Almost 60 protesters rallied in the parking lot of Cathedral Grove, unfurling banners and leafletting tourists.
The groups included the Wilderness Committee Mid-Island Chapter based in Qualicum Beach, Port Alberni Watershed-Forest Alliance, Save the Day
based in Roberts Creek, Wildstands Alliance based on Cortes Island, Friends of Stillwater Bluffs near Powell River, and Ancient Forest Alliance based in Victoria.
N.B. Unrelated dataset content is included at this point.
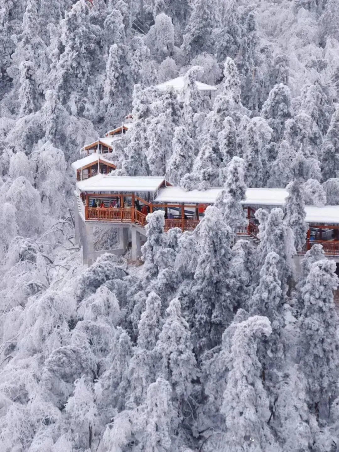 巍巍南岳衡山群峰,一片银色世界,婀娜多姿。
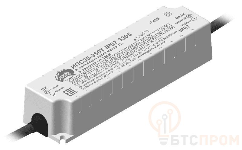Источник питания светодиодов (ИПС) применяется для питания светодиодных линеек, рассчитанных на работу в режиме постоянного тока. Защита от КЗ и ХХ, PF 0,95 , КПД, %, не менее 86.0, соответствие ЭМС в диапазоне от 9 кГц до 30МГц, стойкость к микросекундным импульсам большой энергии 4 кВ (L-N), гальваническая изоляция, пульсации <1% При подаче на вход драйвера напряжения более 300 В AC драйвер переходит в прерывистый режим работы с последующим отключением. Нормальный режим работы восстанавливается автоматически при уменьшении напряжения питания. Предельное значение входного напряжения составляет 420 В АС. Светодиоды при срабатывании такой защиты кратковременно погасают, мигая с частотой 100 Гц. При величине нормального напряжения светодиоды автоматически переходят в режим стабильного освещения.

“Island Timberlands is logging Labour Day Lake, which is a community recreation area and is the headwaters of the Cathedral Grove, the official drinking watershed for the Town of Qualicum Beach, and the community of Dashwood,” said
Annette Tanner, Chair of the Mid-Island Wilderness Committee chapter based in Qualicum Beach. “We have been gathering petitions to stop the logging of the Cathedral Grove watershed since 2000.”
The groups say Island Timberlands is logging and/or roadbuilding at McLaughlin Ridge, Juniper Ridge, Labour Day Lake, and the Cameron Valley Firebreak in the Port Alberni area; flagging Mount Horne, the mountainside above Cathedral Grove, for potential logging; plans to log the Stillwater Bluffs near Powell River and the Day Road Forest near Roberts Creek on the Sunshine Coast; and plans to log old-growth forests at Basil Creek and the Green Valley on Cortes Island.
Extremely rare groves of oldgrowth Coastal Douglas-firs, of which only 1% remain, constitute much of these contentious forest lands, they say.
“These corporate private lands were previously regulated to public land standards for over half a century in exchange for the BC government’s granting of free Crown land logging rights to the companies,” said Ken Wu, executive director of the Ancient Forest Alliance. “What has happened is that the regulations on private lands were removed recently, while the companies were still allowed to keep their Crown land logging rights.”